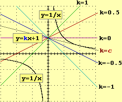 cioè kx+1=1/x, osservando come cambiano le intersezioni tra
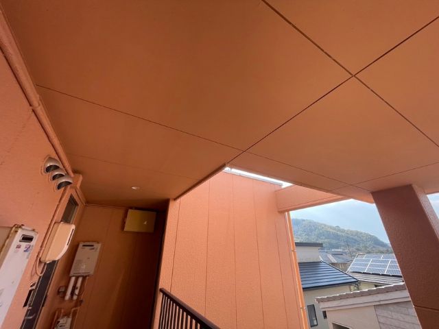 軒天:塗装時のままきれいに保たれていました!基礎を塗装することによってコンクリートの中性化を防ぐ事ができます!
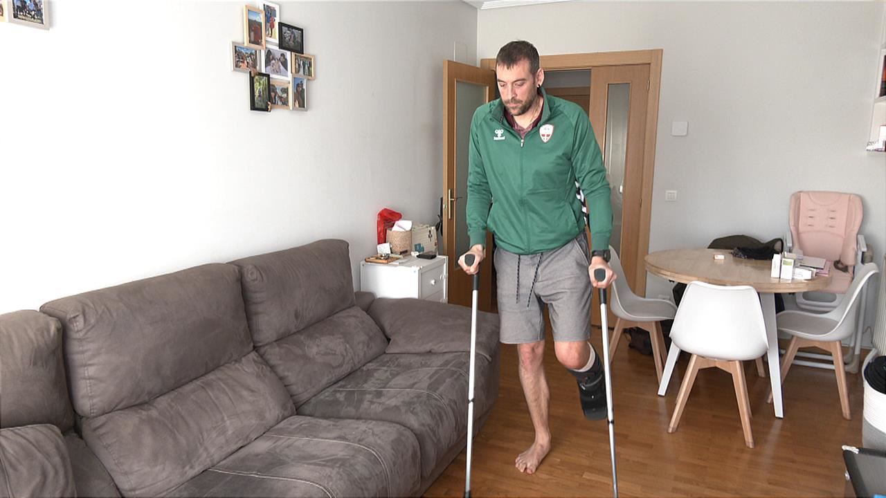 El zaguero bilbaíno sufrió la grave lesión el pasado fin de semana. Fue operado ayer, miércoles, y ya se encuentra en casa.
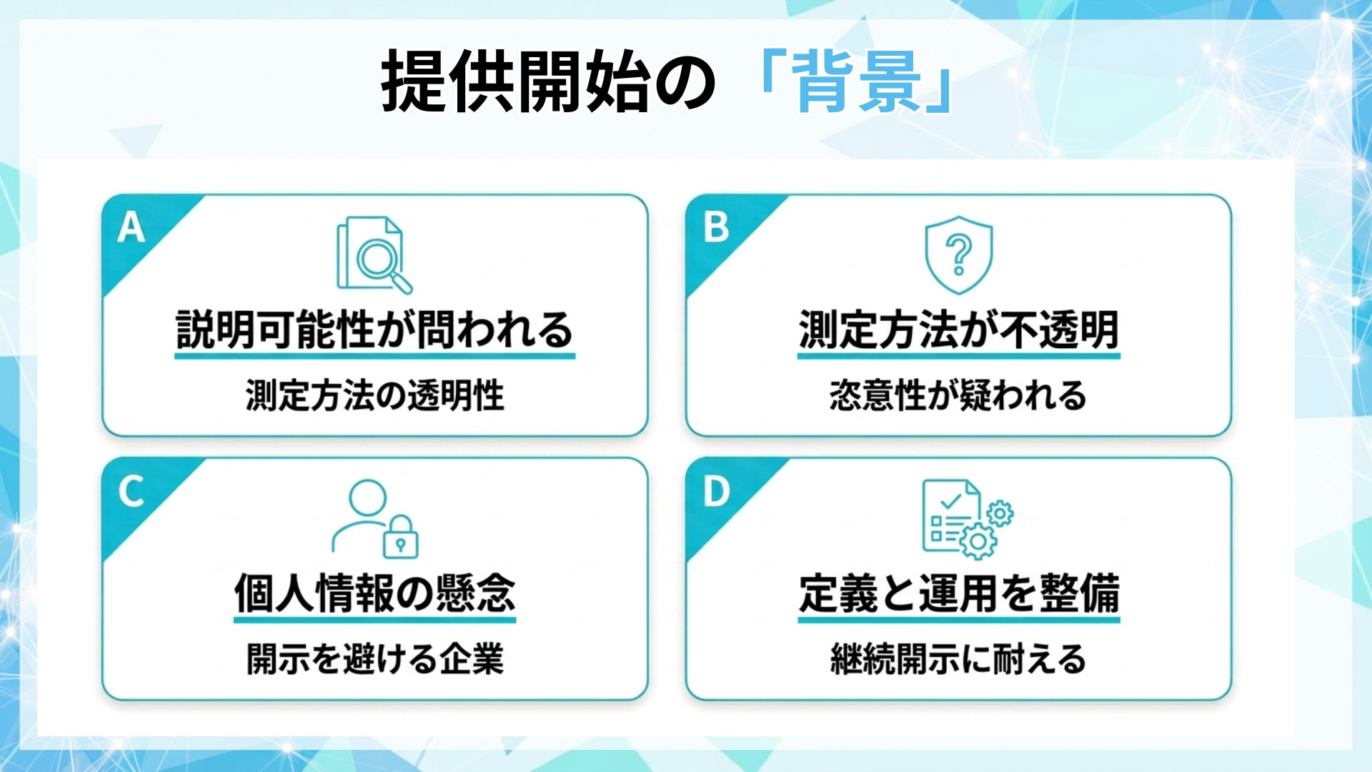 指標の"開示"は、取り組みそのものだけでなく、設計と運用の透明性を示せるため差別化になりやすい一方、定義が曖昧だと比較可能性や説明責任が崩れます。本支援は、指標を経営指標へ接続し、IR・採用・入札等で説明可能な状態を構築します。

....................

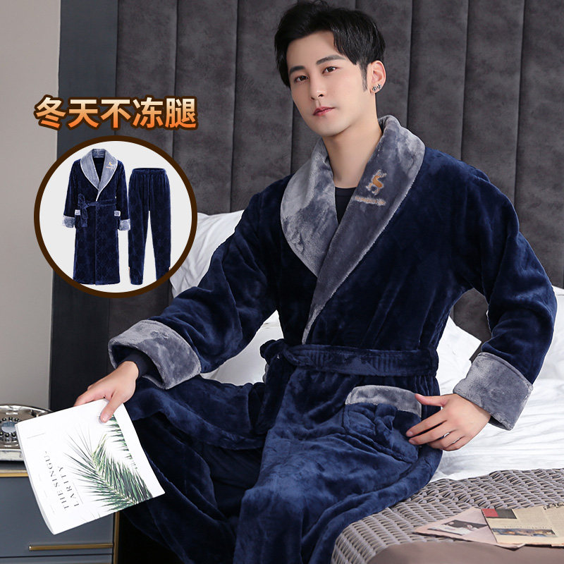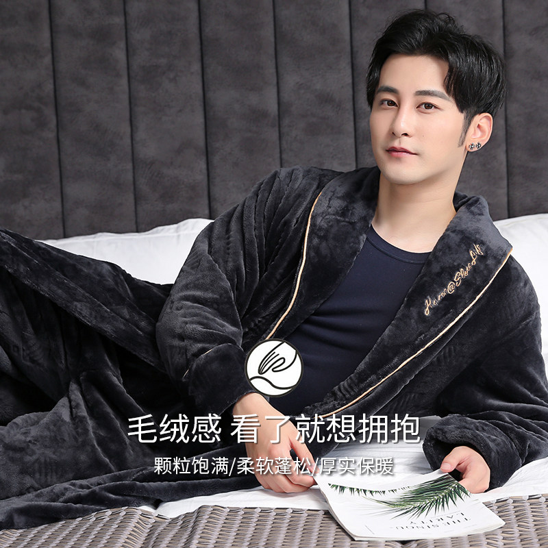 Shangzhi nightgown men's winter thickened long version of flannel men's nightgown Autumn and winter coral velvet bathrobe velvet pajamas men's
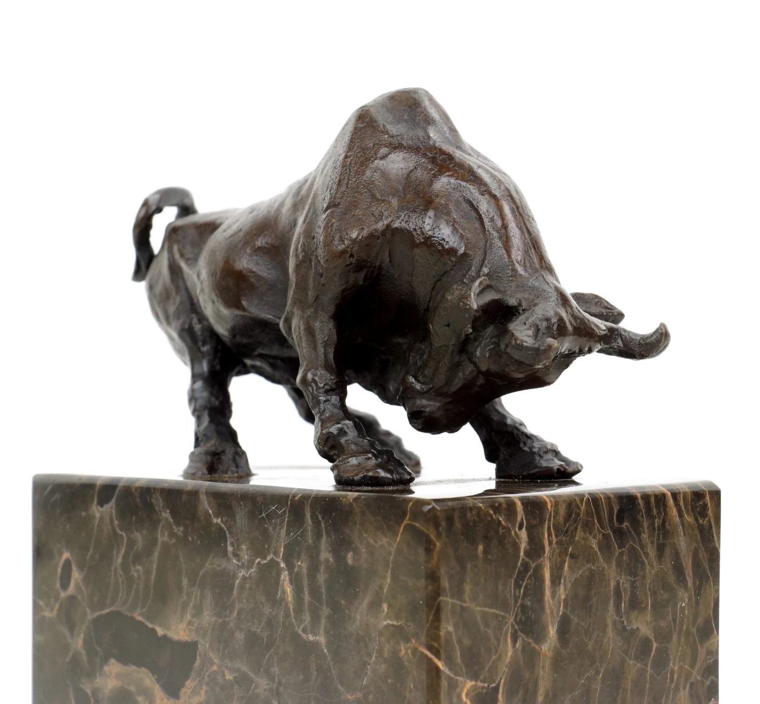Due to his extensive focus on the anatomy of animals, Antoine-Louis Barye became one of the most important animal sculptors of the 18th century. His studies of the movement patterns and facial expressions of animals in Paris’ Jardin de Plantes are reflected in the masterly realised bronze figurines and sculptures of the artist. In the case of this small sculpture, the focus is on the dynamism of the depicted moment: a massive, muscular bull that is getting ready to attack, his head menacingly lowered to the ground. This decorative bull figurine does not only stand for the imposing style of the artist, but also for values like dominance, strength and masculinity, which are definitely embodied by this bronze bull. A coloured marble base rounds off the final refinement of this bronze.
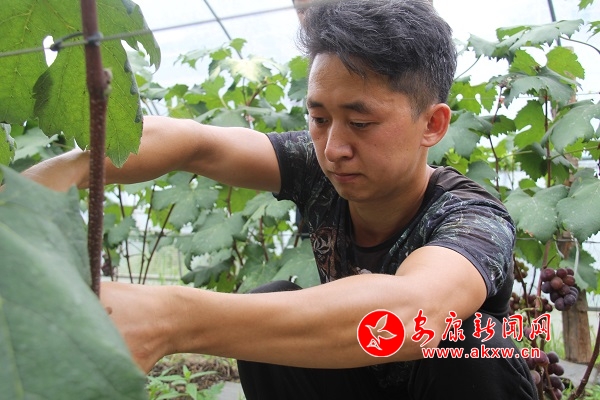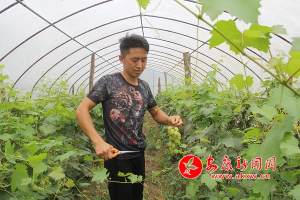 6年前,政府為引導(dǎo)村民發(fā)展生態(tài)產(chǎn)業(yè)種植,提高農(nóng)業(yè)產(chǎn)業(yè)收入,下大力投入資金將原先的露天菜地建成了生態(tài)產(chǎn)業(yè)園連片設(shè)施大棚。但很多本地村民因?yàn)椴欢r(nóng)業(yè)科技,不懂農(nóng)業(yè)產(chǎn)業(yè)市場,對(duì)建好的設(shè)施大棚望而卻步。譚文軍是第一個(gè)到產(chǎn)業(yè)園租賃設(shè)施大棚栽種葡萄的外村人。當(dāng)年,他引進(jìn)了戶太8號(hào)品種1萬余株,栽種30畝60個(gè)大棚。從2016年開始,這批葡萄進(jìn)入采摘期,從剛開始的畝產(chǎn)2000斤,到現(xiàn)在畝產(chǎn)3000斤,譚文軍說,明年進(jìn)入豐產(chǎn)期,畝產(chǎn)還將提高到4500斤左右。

....................

▸ Task requirements: Print everything from the line with "Due to his extensive" down to the line with "6年前,政府為引導(dǎo)" in the entries above, both lines included and nothing more, without the pictures.

▸ Answer space:
Due to his extensive focus on the anatomy of animals, Antoine-Louis Barye became one of the most important animal sculptors of the 18th century. His studies of the movement patterns and facial expressions of animals in Paris’ Jardin de Plantes are reflected in the masterly realised bronze figurines and sculptures of the artist. In the case of this small sculpture, the focus is on the dynamism of the depicted moment: a massive, muscular bull that is getting ready to attack, his head menacingly lowered to the ground. This decorative bull figurine does not only stand for the imposing style of the artist, but also for values like dominance, strength and masculinity, which are definitely embodied by this bronze bull. A coloured marble base rounds off the final refinement of this bronze.
 6年前,政府為引導(dǎo)村民發(fā)展生態(tài)產(chǎn)業(yè)種植,提高農(nóng)業(yè)產(chǎn)業(yè)收入,下大力投入資金將原先的露天菜地建成了生態(tài)產(chǎn)業(yè)園連片設(shè)施大棚。但很多本地村民因?yàn)椴欢r(nóng)業(yè)科技,不懂農(nóng)業(yè)產(chǎn)業(yè)市場,對(duì)建好的設(shè)施大棚望而卻步。譚文軍是第一個(gè)到產(chǎn)業(yè)園租賃設(shè)施大棚栽種葡萄的外村人。當(dāng)年,他引進(jìn)了戶太8號(hào)品種1萬余株,栽種30畝60個(gè)大棚。從2016年開始,這批葡萄進(jìn)入采摘期,從剛開始的畝產(chǎn)2000斤,到現(xiàn)在畝產(chǎn)3000斤,譚文軍說,明年進(jìn)入豐產(chǎn)期,畝產(chǎn)還將提高到4500斤左右。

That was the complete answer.